[Material to process]

Start of Block

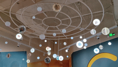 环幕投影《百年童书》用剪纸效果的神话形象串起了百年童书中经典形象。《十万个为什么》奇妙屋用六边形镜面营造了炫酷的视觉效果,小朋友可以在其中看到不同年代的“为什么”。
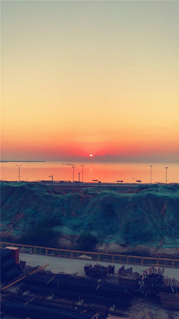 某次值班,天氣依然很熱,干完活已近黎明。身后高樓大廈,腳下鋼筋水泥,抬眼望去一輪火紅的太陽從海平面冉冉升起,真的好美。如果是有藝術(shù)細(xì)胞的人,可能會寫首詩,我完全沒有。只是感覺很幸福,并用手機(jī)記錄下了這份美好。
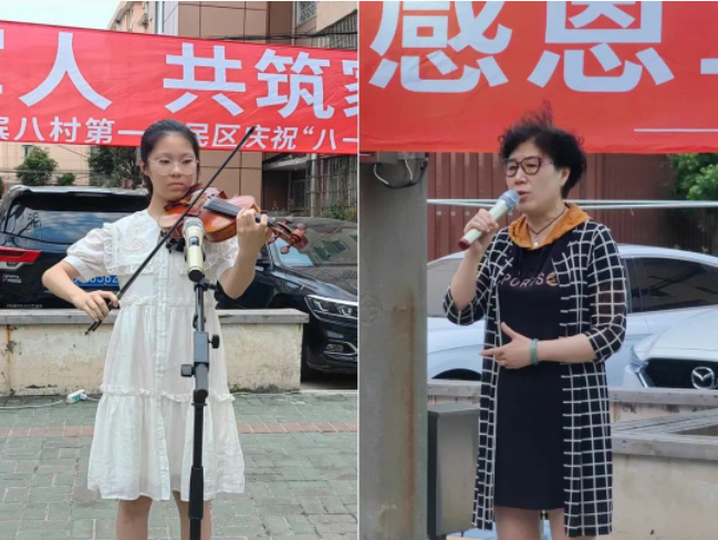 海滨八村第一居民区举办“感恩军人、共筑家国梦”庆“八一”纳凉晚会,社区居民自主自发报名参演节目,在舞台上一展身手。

End of Block
Start of Block

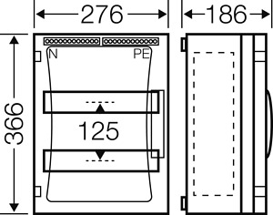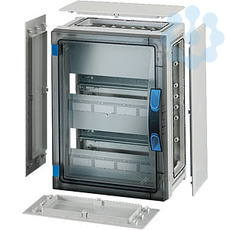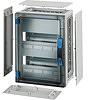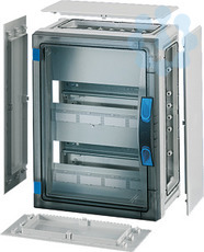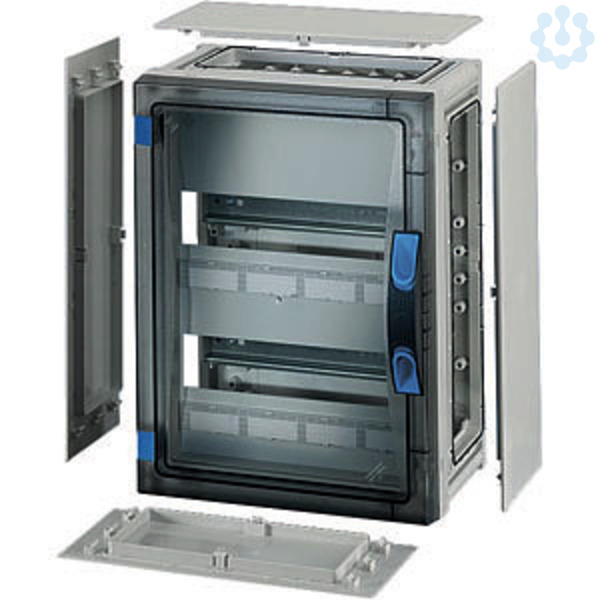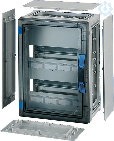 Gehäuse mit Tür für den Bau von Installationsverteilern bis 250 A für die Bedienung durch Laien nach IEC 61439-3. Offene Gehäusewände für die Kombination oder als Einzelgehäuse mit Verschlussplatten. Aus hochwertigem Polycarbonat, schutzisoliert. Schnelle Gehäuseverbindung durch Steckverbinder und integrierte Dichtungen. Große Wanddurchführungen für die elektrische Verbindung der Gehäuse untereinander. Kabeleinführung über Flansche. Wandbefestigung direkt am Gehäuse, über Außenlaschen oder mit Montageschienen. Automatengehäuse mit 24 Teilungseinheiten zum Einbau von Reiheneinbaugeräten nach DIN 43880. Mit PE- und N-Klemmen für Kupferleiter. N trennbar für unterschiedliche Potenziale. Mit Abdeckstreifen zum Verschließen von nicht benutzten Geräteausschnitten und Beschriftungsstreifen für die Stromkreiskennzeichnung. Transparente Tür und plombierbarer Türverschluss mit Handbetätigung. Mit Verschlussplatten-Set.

End of Block

[Problem]
Would you please repeat only the lines above, beginning at the one that has "环幕投影《百年童书》用剪纸效" and stopping after the one that has "某次值班,天氣依然很熱,干完", exactly and with no pictures?

[Answer to the problem]
 环幕投影《百年童书》用剪纸效果的神话形象串起了百年童书中经典形象。《十万个为什么》奇妙屋用六边形镜面营造了炫酷的视觉效果,小朋友可以在其中看到不同年代的“为什么”。
 某次值班,天氣依然很熱,干完活已近黎明。身后高樓大廈,腳下鋼筋水泥,抬眼望去一輪火紅的太陽從海平面冉冉升起,真的好美。如果是有藝術(shù)細(xì)胞的人,可能會寫首詩,我完全沒有。只是感覺很幸福,并用手機(jī)記錄下了這份美好。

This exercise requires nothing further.